Water coal slurry reburning boiler

Technical Field

The utility model relates to a boiler especially relates to a coal slurry reburning boiler.

Background

The coal water slurry is widely used as a fuel for boiler combustion, and particularly in recent years, after a technical route of waste recycling is adopted, the environment-friendly coal water slurry is successfully developed, so that the environment-friendly benefit of the coal water slurry is greatly improved on the premise of not increasing the cost.

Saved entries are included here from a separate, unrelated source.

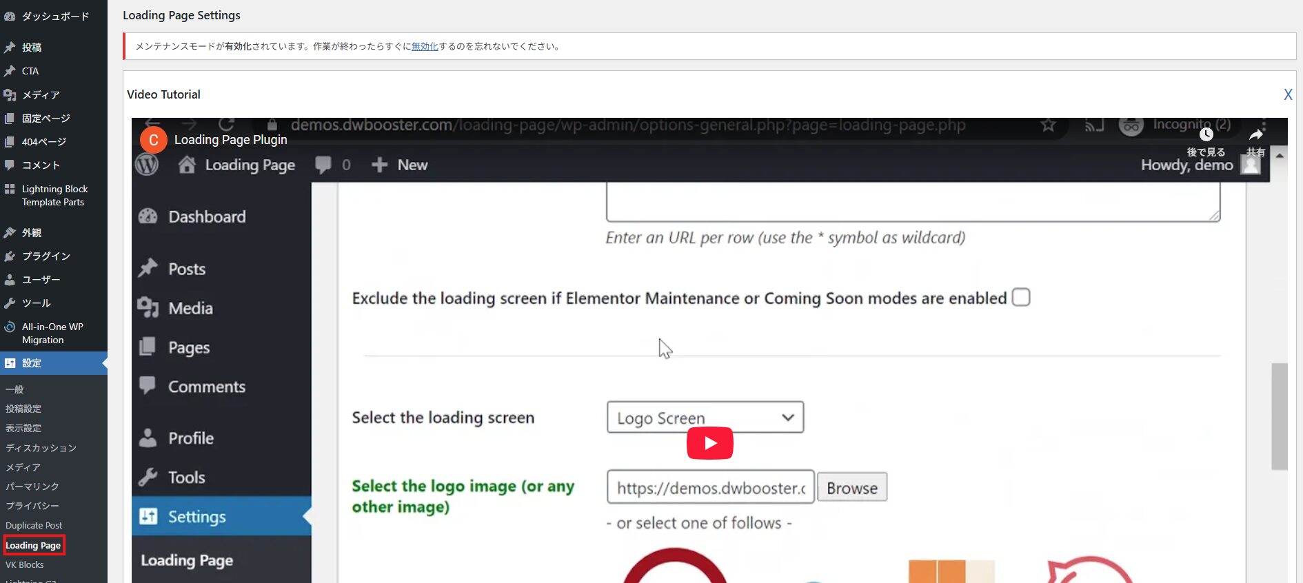 有効化した自動的に設定画面に遷移しますが、下記画像のように設定>Loading Pageからいつでも設定画面に行けます。
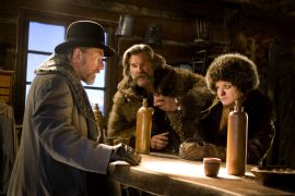 Was genau dieser Film sein soll, wird jedoch nicht klar, zu sehr setzt er sich aus verschiedenen Elementen zusammen. So spielt beispielsweise die zweite Hälfte von The Hateful 8 ausschließlich in der Hütte. Ein solch begrenztes Setting muss kein Fehler sein, genügend Theaterstücke und auch Filme haben den Beweis längst erbracht. Es kann sogar Vorteile haben, indem man das Klaustrophobische betont, das Ausgeliefertsein. Davon ist bei Tarantino jedoch wenig zu spüren. Nicht nur, dass durch die Weitwinkelaufnahmen die Hütte ständig größer wirkt, als sie ist, die sich eigentlich aus der Geschichte ergebende Spannung, wenn acht mysteriöse, wenig vertrauenerweckende Gestalten zusammen eingepfercht sind, die bleibt fast völlig aus. Nur manchmal wird hier mit der Paranoia geflirtet, erinnert The Hateful 8 an den Klassiker „Und dann gab’s keines mehr“ von Agatha Christie. Aber ebenso wie die kleinen Ermittlermomente, die gleichfalls der Krimikönigin entnommen zu sein scheinen, wird das nicht sehr konsequent verfolgt.
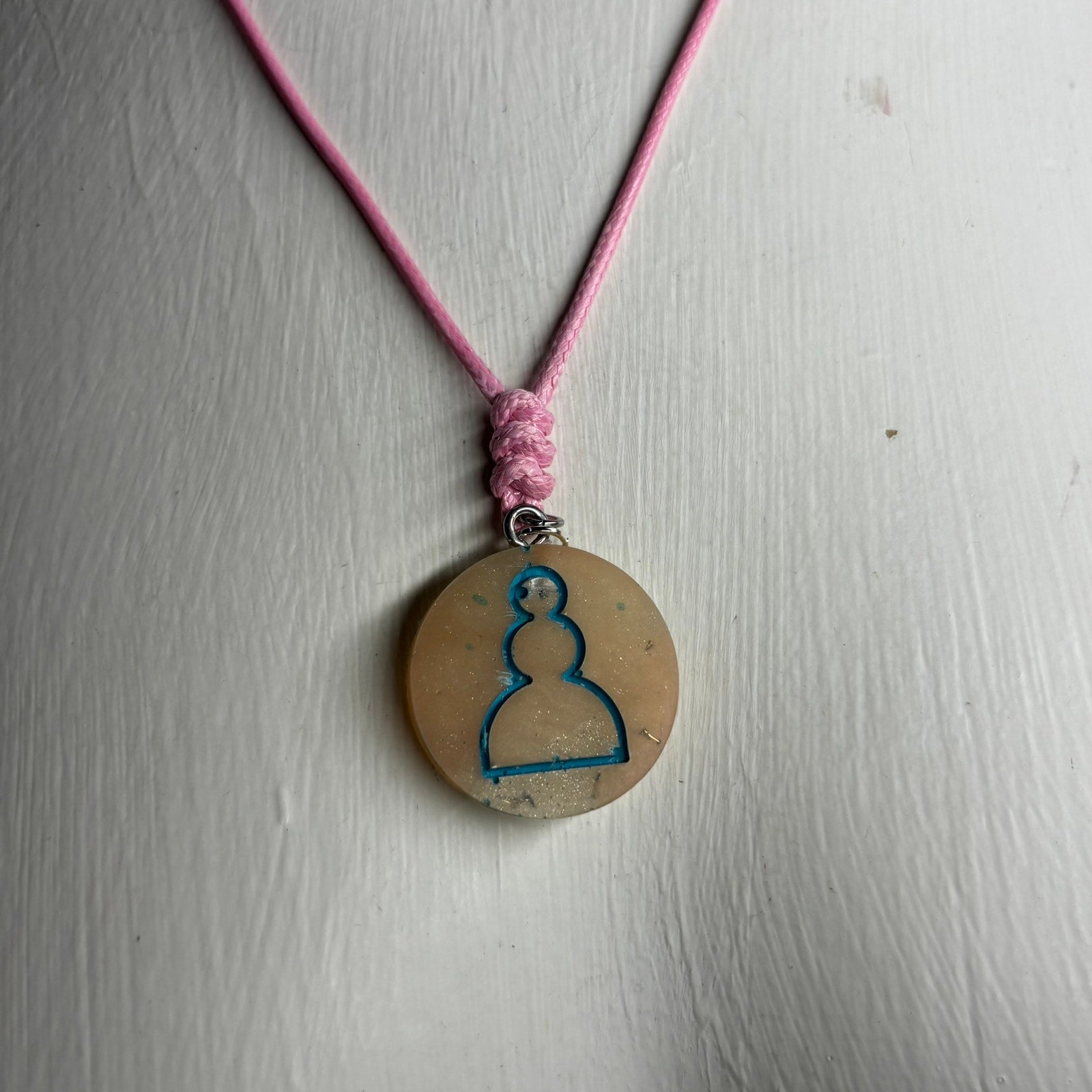 Pink Cream Pawn - Handmade Resin Chess Necklace
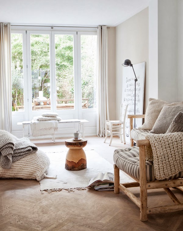 Me encanta esta vivienda, la luz que desprende, la mezcla de estilos (con predominio de piezas vintage y estilo escandinavo) y ese maravilloso suelo de madera natural me parecen todo un acierto. No es fácil conseguir un resultado así, hay que saber elegir muy bien cada pieza y combinarla, para lo que una base neutra es esencial y no recargar el espacio. Y esta es mi parte favorita de la vivie ...
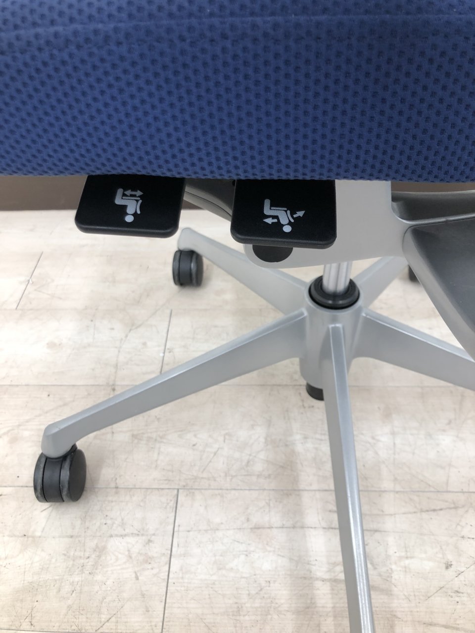 座面の高さや前後などの基本的な調整レバーが座面裏の前方に集約されており、姿勢を変えずに調節ができます。
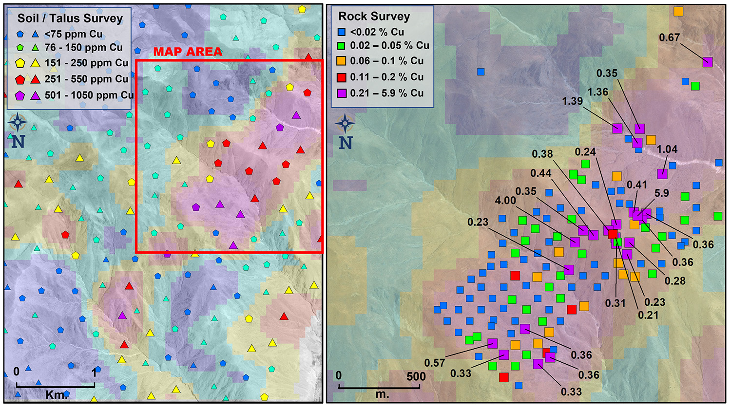 Figure 1: Results of previous soil / talus sampling (left) and rock chip sampling results(right) at the Tillo project, Peru.
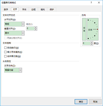 方向:可以改变单元格内容的显示方向,可以通过输入数值来实现。
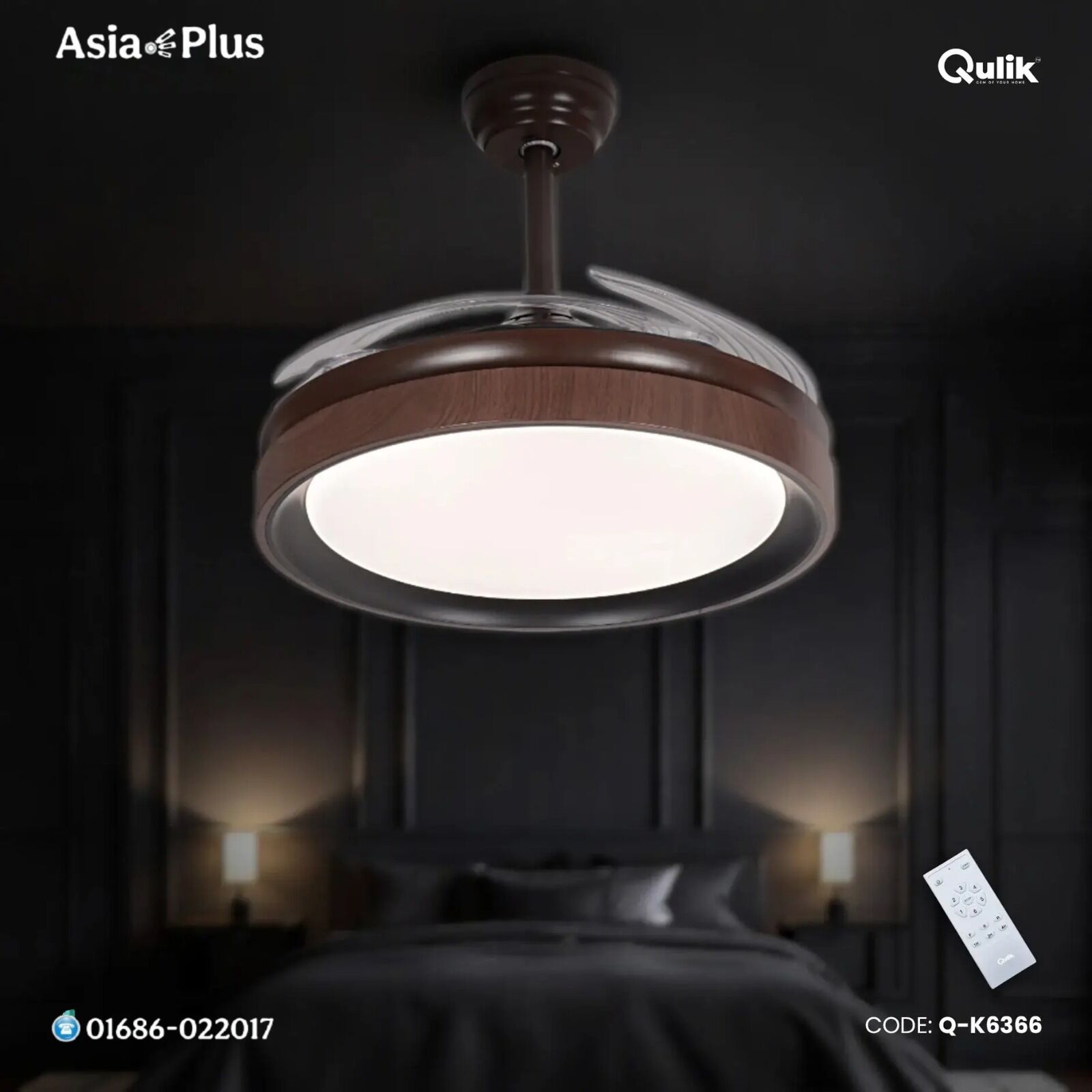 Qulik 48″ Modern Chandelier Retractable Invisible Blade Silent 3 Color Change LED Remote Ceiling Fan (Wooden) | Q-K6366
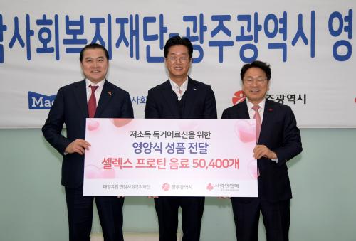 ¸ÅÀÏÀ¯¾÷ Áø¾Ï»çȸº¹ÁöÀç´ÜÀº Ȧ·Î »ç´Â ¾î¸£½ÅµéÀÇ µû¶æÇÑ °Ü¿ï³ª±â¸¦ µ½±â À§ÇØ 5800¸¸¿ø »ó´çÀÇ ¿µ¾çÀ½·á ¡®¼¿·º½º¡¯ 2100¹Ú½º 5¸¸400°³¸¦ ±¤Áֽÿ¡ Àü´ÞÇß´Ù.
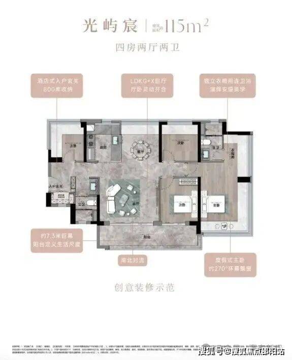 115㎡的4房2厅2卫,设计的是竖厅南北通透格局,进门入户玄关,客厅4.45米开间,餐客厅分离设计,分别做到了主卧23.45㎡/次卧8.96㎡/次卧7.84㎡/次卧7.68㎡(实测面积),客厅连接次卧出10.87m²的观景大阳台,L型中式+岛台灵动式厨房,公卫三段式干湿分离,得房率约78.27%(不含赠送),阳台主朝东南或西南向。靓点:南北对流+7.25米长超大观景南向阳台,超大主卧+270°无柱转角飘窗+进门独立玄关800库。
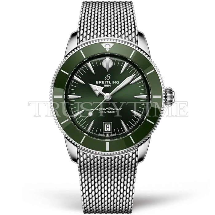 Часы Breitling из коллекции Superocean Heritage B31. Спортивные мужские часы Breitling Superocean Heritage B31 Automatic 42 AB3111361L1A1 премиального качества (Артикул магазина: BT-1191) оснащены надежным автоматическим механизмом с автоподзаводом (работает от амплитуды движения руки) калибра ETA2824-2, в котором реализованы следующие функции: часовая, минутная и секундная стрелки, а так же дата. Круглый корпус часов стального цвета, имеющий размер 42 мм и высоту 16.5 мм превосходно дополнит образ и украсит запястье своего обладателя. Для изготовления часов Breitling Superocean Heritage B31 Automatic 42 AB3111361L1A1 предлагаемых в нашем интернет-магазине, применяются нержавеющая сталь 316F высокого качества (Швейцарский стандарт), а так же сапфировое стекло высокой прочности, благодаря чему обеспечивается максимальная защита от сколов и механических повреждений. Отличительной чертой данной модели является зеленый циферблат, часовые индексы которого обеспечивают часовые метки. Завершает образ каучуковый ремешок зеленого цвета с фирменной раскладывающейся застежкой Breitling. Водонепроницаемость данной модели составляет 30М (WR30) – допускается минимальное воздействие с водой.
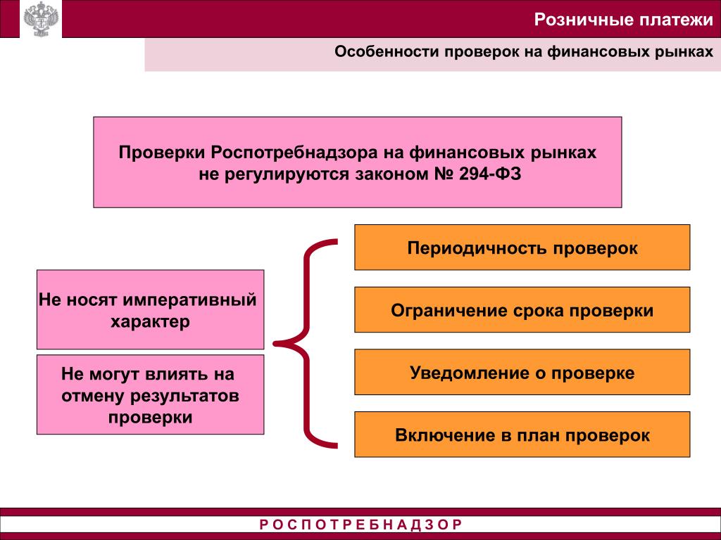 Розничные платежи Особенности проверок на финансовых рынках Проверки Роспотребнадзора на финансовых рынках не регулируются законом № 294-ФЗ Периодичность проверок Не носят императивный характер Ограничение срока проверки Уведомление о проверке Не могут влиять на отмену результатов проверки Включение в план проверок Р О С П О Т Р Е Б Н А Д З О Р
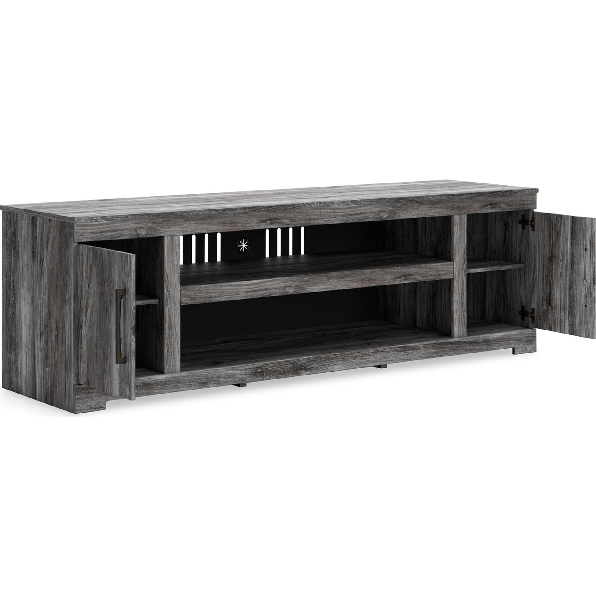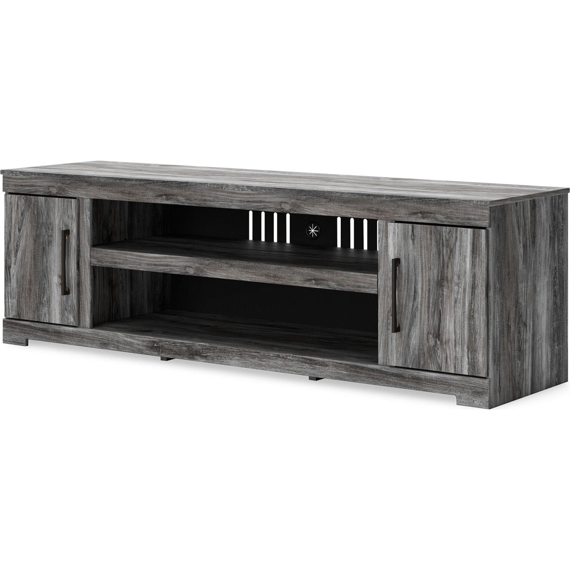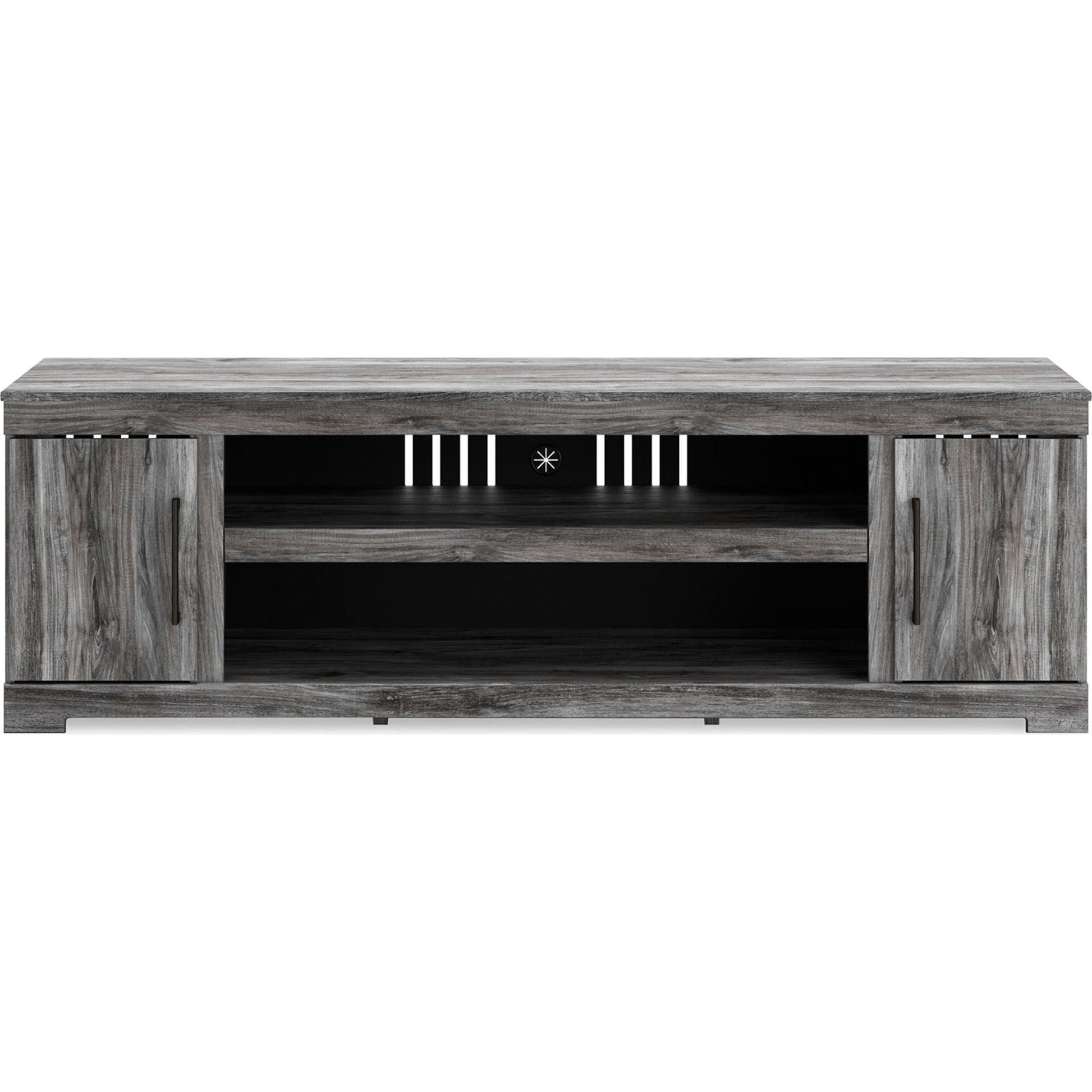 Effortless contemporary style and must-have living room function go hand in hand with this TV stand. Easy-to access media storage brings another layer of function to the clean-lined design. Big on space without being bulky, it accommodates larger flat screens with ease.
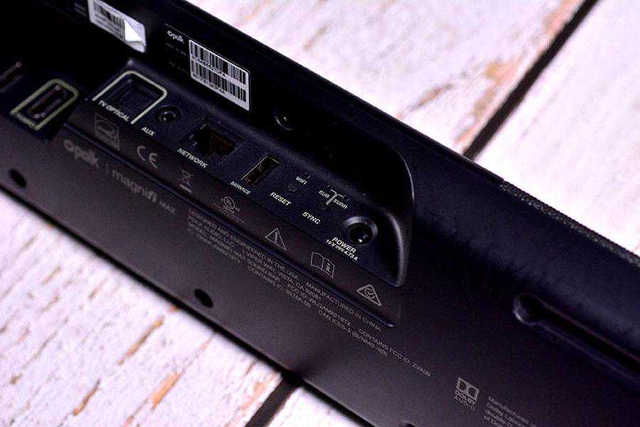 PolkMagnifiMaxSR回音壁背部接口数量丰富,3组输入HDMI、一组输出HDMI接口(输出口支持ARC协议)可以连接多款设备,此外光纤、AUX、网络端口的配备让连接方式更加丰富。SYNC键可以一键配对低音炮和卫星音箱。

Coal water slurry has also become one of the most basic and economic clean energy sources in alternative fuels.

The traditional coal water slurry boiler has the defects of low combustion efficiency, high pollutant emission, complex post-treatment such as desulfurization and denitrification and the like in the operation process.

SUMMERY OF THE UTILITY MODEL

In order to solve at least one of the technical problems, the utility model provides a coal water slurry reburning boiler, which comprises a boiler system, a slurry supply system, an air powder supply system and a detection system,

the boiler system comprises a settling furnace, the slurry supply system comprises a coal water slurry storage tank, a coal water slurry pump and a coal water slurry spray gun, the coal water slurry storage tank is communicated with an inlet of the coal water slurry tank, an outlet of the coal water slurry tank is communicated with an inlet of the coal water slurry pump, an outlet of the coal water slurry pump is communicated with a first inlet of the coal water slurry spray gun, a second inlet of the coal water slurry spray gun is connected with high-pressure atomized gas, and the coal water slurry spray gun sprays the high-pressure atomized gas and the coal water slurry into the settling furnace,

the air-powder supply system comprises a speed regulating motor, a coal powder bin, a spiral powder feeder and an air-powder mixer, wherein the speed regulating motor is connected with the spiral powder feeder and used for providing power for the spiral powder feeder, an outlet of the coal powder bin is connected with the spiral powder feeder and used for providing coal powder of the coal powder bin to the spiral powder feeder, the air-powder mixer mixes primary air and the coal powder and sends the mixture into the settling furnace from the top of the settling furnace, and a secondary air inlet channel is further arranged at the top of the settling furnace to provide secondary air for the settling furnace;

the detection system comprises a data acquisition device, a flue gas analysis device, a temperature detection device and a data processing device, wherein the flue gas analysis device is arranged at an outlet of a flue of the boiler system and used for detecting flue gas emission components of the boiler system, the temperature detection device is arranged on a furnace body of the settling furnace and used for detecting the combustion temperature of the settling furnace, and the data acquisition device is used for acquiring signals of the flue gas analysis device and the temperature detection device and conveying the acquired signals to the data processing device.

According to the utility model discloses an at least one embodiment be provided with the air intake on the middle part of the furnace body of settling furnace, with to the settling furnace provides the reburning wind and burns out the wind.

According to at least one embodiment of the present invention, a stirrer is provided in the water-coal-slurry storage tank.

According to at least one embodiment of the present invention, a filter screen is provided in the water-coal slurry tank.

According to at least one embodiment of the present invention, a valve is provided at an outlet of the water-coal-slurry pump.

According to the utility model discloses an at least one embodiment, the export of valve pass through the bypass with the coal slurry storage tank intercommunication.

According to at least one embodiment of the present invention, a bypass valve is provided on the bypass.

According to at least one embodiment of the utility model, the second entrance of coal slurry spray gun is provided with flow detection device.

According to at least one embodiment of the utility model, the first entrance of coal slurry spray gun is provided with pressure measurement.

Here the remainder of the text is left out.